SMABS 2004 Jena University
SMABS 2004 Home Organization About Jena Sponsors Links Imprint / Contact SMABS Home

European Association of Methodology

Department of methodology and evaluation research

Jena University

Contributions: Abstract

Multiple imputation of missing data under a multilevel setting

Gert Jacobusse Stef van Buuren
TNO
Karin Groothuis-Oudshoorn
Roessingh Research and Development
The Netherlands

Missing data are an inevitable byproduct of any data gathering technique. For a statistician, these missing data often form a substantive challenge. Multiple imputation (Rubin, 1987) is a general and practical approach that yields valid inferences from incomplete data. Van Buuren and Oudshoorn (2000) describe a sequential Gibbs sampling method called MICE for imputing multivariate incomplete data. Imputations are drawn from the posterior predictive distribution, which is updated in each iteration. Simulations have shown that imputations converge towards the appropriate multivariate posterior distribution of the incomplete information.

In multilevel settings, units cannot be considered to be independently and identically distributed over classes. Multilevel models have become a popular way of handling such data. We extended the ideas of Rubin and propose a method to impute missing data under a multilevel setting using a sequential imputation scheme.

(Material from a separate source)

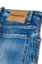 ストレートフィットのBoss 10 5ポケットジーンズ。コントラストカラーのグラデーションとひげが特徴的なミッドブルーデニム製。前身頃裏側に破れと擦り傷。フラップにDsquared2のロゴ入り。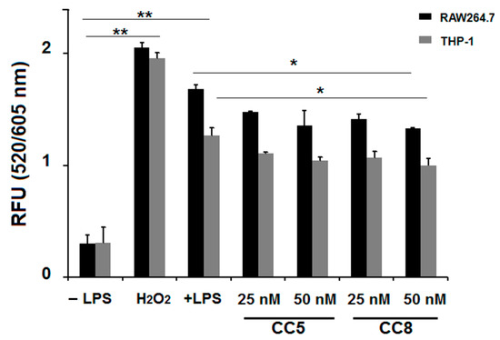 Intracellular ROS production decrease by CC5 and CC8 on LPS-stimulated THP-1 and RAW264.7 cells by measurement with intracellular ROS generation assay. RAW264.7 cells (black bars) and THP-1 cells (grey bars) were stimulated or not with LPS (1 µg/mL) and treated with different concentrations of CC5 and CC8. Untreated cells were used as negative control. H2O2 (1 mM) was used as positive control. Data are the mean of two independent experiments. p < 0.05 was considered statistically significant and is indicated with asterisks over the value (* p < 0.05, ** p < 0.01).

We have developed C++ software for Windows that implements the MICE method and our extension for multilevel data. The program provides some helpful diagnostics. The interface is quite basic: it reads and writes tab delimited ASCII files, and can be directed by means of a straightforward syntax, but most of the functionality is also available via menus. The presentation will include a demonstration of the software prototype.

References

Rubin, D.B. (1987). Multiple imputation for nonresponse in surveys. New York: John Wiley & Sons.

Van Buuren, S. and Oudshoorn, C.G.M. (2000). Multivariate imputation by chained equations. TNO report PG/VGZ/00.038.